Introduction
To infinity . . . and Texas? Following an adverse decision in the Delaware Court of Chancery, Elon Musk announced his hope that Tesla would leave Delaware and reincorporate in the state of Texas.
In a post announcing a similar move for SpaceX, Musk warned others, “If your company is still incorporated in Delaware, I recommend moving to another state as soon as possible.”
And, indeed, in its June 13, 2024, shareholder meeting, Tesla shareholders approved the move of the company to Texas.
The Delaware litigation sparking Tesla’s move south centered around a compensation package that promised its prominent CEO 1% of the company’s shares for every $50 billion increase in Tesla’s value.
Musk accomplished all the milestones set for him by Tesla’s board of directors and became entitled to shares valued at nearly $56 billion.
An objecting shareholder brought suit in Delaware court, which subsequently blocked Tesla from paying Musk the promised shares.
Nevertheless, in the same June 13 shareholder meeting, Tesla shareholders ratified the compensation package the Delaware Chancery Court invalidated.
Musk’s vindication, however, was only temporary: In a later ruling, the Chancery Court doubled down on its earlier position and rendered the ratification invalid.
And even prior to this latest decision, Musk’s compensation saga had already pushed him from state competition to federalism: “When there are egregiously wrong legal judgments in a single state that substantially harm American citizens in all other 49 states, the Federal government should take immediate corrective action.”

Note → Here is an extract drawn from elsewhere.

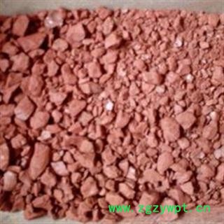 性状颜色:不规则的红色大小颗粒。触之有红棕色粉末沾手。大小颗粒粉
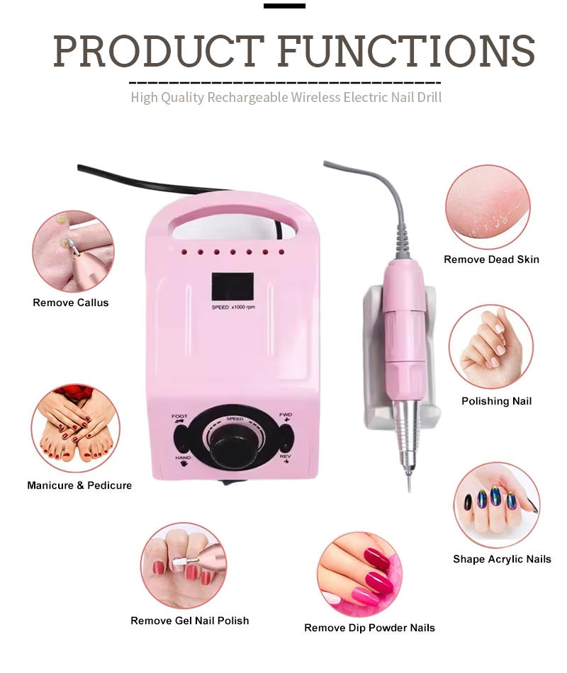 Φορητό Σετ τρυπάνια νυχιών Ηλεκτρικό Με Ισχυρό Μοτέρ 65w 35000rpm

While Musk’s ire over his withheld bonus payment may be understandable, the benefits of reincorporating in Texas are not as obvious. Nor is it clear whether Delaware’s Chancery Court has truly taken a wrong turn away from its position as a trustworthy corporate law court. Then again, Tesla was not alone in its desire to reincorporate out of Delaware. For instance, Tripadvisor attempted to reincorporate in Nevada but was stopped by a striking decision by Delaware’s Chancery, which was later reversed by Delaware’s Supreme Court.
Despite being one of the smallest states in the union, Delaware has long been the preferred state for incorporation, even though most companies do not maintain a headquarters or significant facilities there.

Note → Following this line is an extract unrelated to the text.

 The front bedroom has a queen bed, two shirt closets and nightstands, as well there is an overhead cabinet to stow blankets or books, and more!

Scholars have offered many reasons why Delaware has maintained a position atop the incorporation hierarchy, but all have centered around either the existence of judicial expertise or the uniqueness of Delaware corporate law.
These analyses are undoubtedly important, but they have also left a gaping hole in our understanding of corporate courts and corporate law: What is so special about corporate law that we couch it in judicial expertise and specialized courts? While other legal areas like tax,
patents,
and bankruptcy
have specialized courts, other complex fields like medical malpractice do not. This discrepancy indicates that complexity alone is insufficient to warrant specialization. Each specialized area has unique reasons justifying its need for specialized courts.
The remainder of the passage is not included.